Last Wednesday, Lindsey Boylan, who served in his administration for over three years, accused Cuomo of suggesting to her on a 2017 flight that they play strip poker, inappropriate touching, and kissing her on the lips without her consent.

RELATED: ‘Let’s play strip poker’: Fmr. Cuomo aide accuses NY governor of sexual harassment

Following Boylan’s accusations, 25-year-old Charlotte Bennett alleged the governor indicated interest in having an affair with her while she was serving in his administration as a health policy adviser.

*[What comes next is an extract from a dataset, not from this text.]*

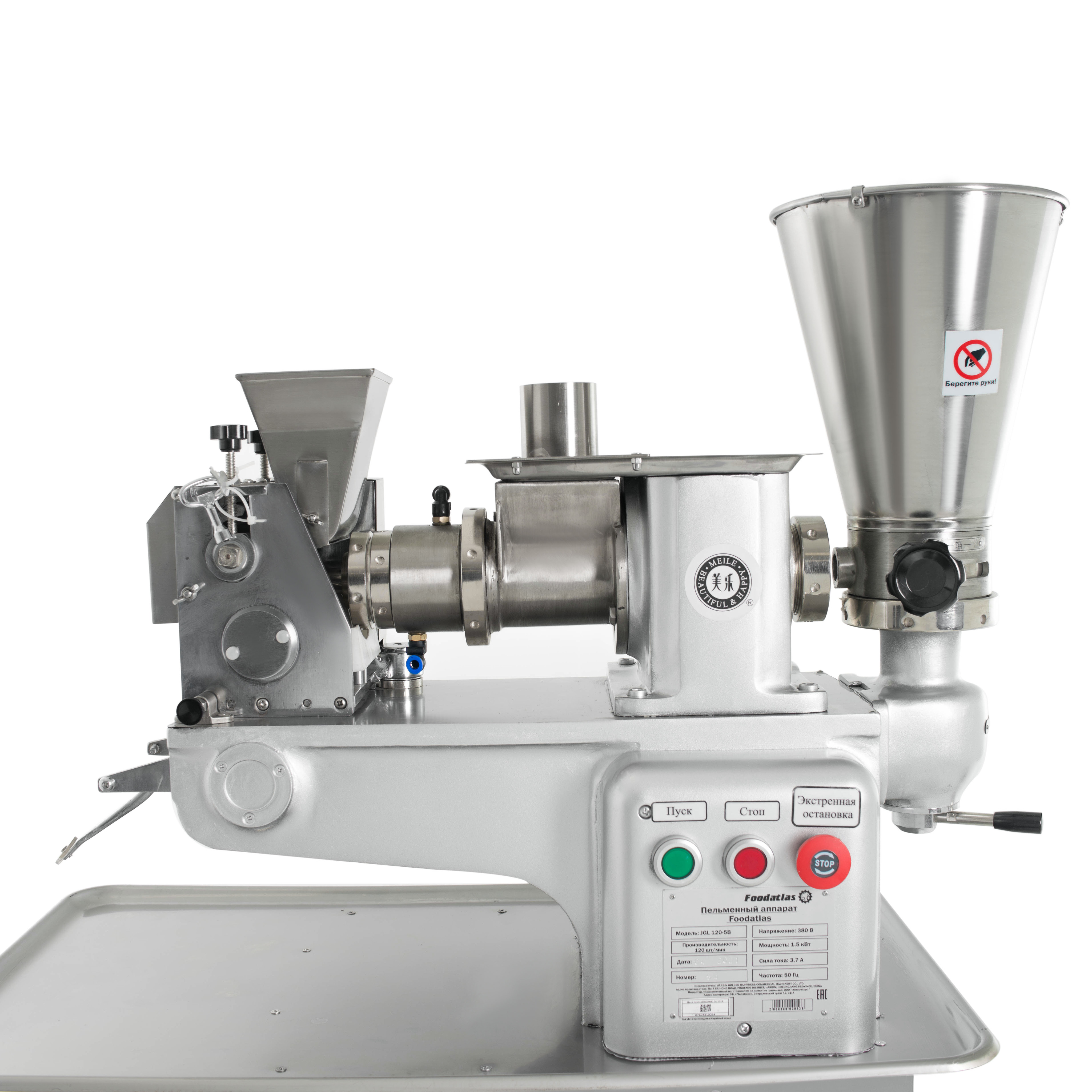 Пельменный аппарат JGL 120-5B (AR) Foodatlas предназначен для производства всевозможных полуфабрикатов, таких как: пельмени, равиоли, клёцки, мини-пельмени, вареники, пирожки. Оборудование специализировано для использования в коммерческих целях на предприятиях общественного питания, ресторанах, супермаркетах, производствах мясных и мучных полуфабрикатов. Разработано с учётом современных требований и нацелено на безопасное, легкое применение. Пельменный аппарат JGL производит изделия из теста, начиненные различной начинкой и имеющие разнообразную видовую форму и габаритные размеры. Форма продукта зависит от используемой вид-матрицы и сменной формующей головки.

In a Saturday New York Times report, Bennett told the newspaper that Cuomo asked her if she had “ever been with an older man,” adding that “age doesn’t matter” in relationships.

At Wednesday’s press briefing, the Empire State governor addressed the accusations leveled against him over the past seven days by three women and New York Attorney General Letitia James’ (D) independent review into those claims, which she announced on Monday was formally proceeding.

RELATED: De Blasio ‘sickened’ by Cuomo sexual harassment claims

“As you probably know, the attorney general is doing an independent review, and I will fully cooperate with that review,” Cuomo said at the beginning of his statement. “Now, the lawyers say I shouldn’t say anything when you have a pending review until that review is over. I understand that, I’m a lawyer, too. But, I want New Yorkers to hear from me directly on this.”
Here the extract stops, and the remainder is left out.